Employees working from home are most likely to be faced with social engineering and phishing attacks which capitalize on these times of ongoing uncertainty.

“Working from home does not necessarily bring more risks since organizations just need to adjust accordingly.” – Kary Chan

“What the attackers will be doing is taking advantage of the fact that you’re very anxious and frightened and you’re looking for solutions,” Jacques Francoeur told ITU News

Indeed, there has been a drastic increase in new domains containing terms like coronavirus, Covid, pandemic and vaccine in the last few months.
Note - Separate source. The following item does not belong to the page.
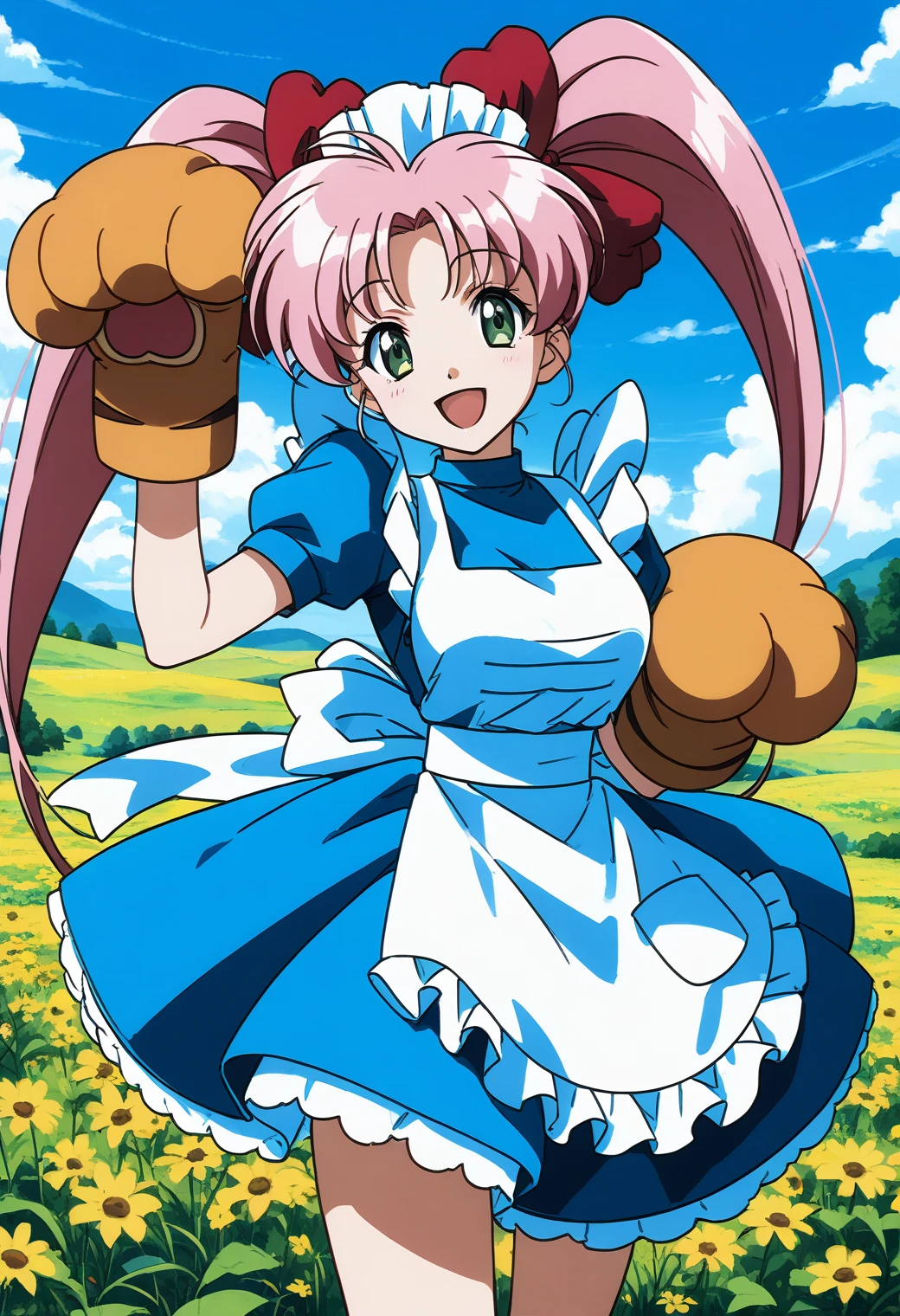 vg_manami, green eyes, pink hair, long hair, twintails, hair ribbon, maid headdress, animal hands, paw gloves, white apron, blue maid, short sleeves, blue skirt,

While some sites are legitimate, a vast majority are domains used for fraud and to distribute malware. 

“The attacker has time, resources, and a committed intent. It’s tough to beat,” Jacques Francoeur said.

While companies can act to prevent and mitigate these kinds of attacks through a variety of technical and procedural controls – which could include restricting the size of file downloads, making sensitive documents ‘read only’ and using secure connection channels that protect data in transit – preparation is key.

“Working from home does not necessarily bring more risks since organizations just need to adjust accordingly, for example having the network capacity enabled, having sufficient support for equipment and IT,” Kary Chan, Corporate Information Risk management at ING Bank, told ITU News. “But before the organization can execute or switch a business continuity and disaster recovery plan completely to make everyone ‘up and running’ at home, cyber criminals might have already made use of the ‘vulnerable moment’ and conducted crimes which have had a huge impact.”

Reducing exposure to cyber crime

As worldwide stay-at-home recommendations look likely to continue for some time, how can companies help reduce their employee’s exposure to cybercrime?

“Top on the list is to sensitize their employees on the risk exposure, making them aware of how to identify cybersecurity risks and measures to take to respond, prevent, detect and report incidents when they happen,” said Josephine Ajuoga.

For Jacques Francoeur, the advice may be as simple as “think before you click.” 

And while this may seem like an anomalous event, businesses should prepare for the long-term.

“The way organizations should look at this event and the response to it, is that investment of the response is the beginning of a trend towards all employees being mobile,” Jacques Francoeur said. “This is not just a one-time thing; the investments that [organizations] make today are investments that will sustain [them] going forward in a demand for remote work that will only increase.”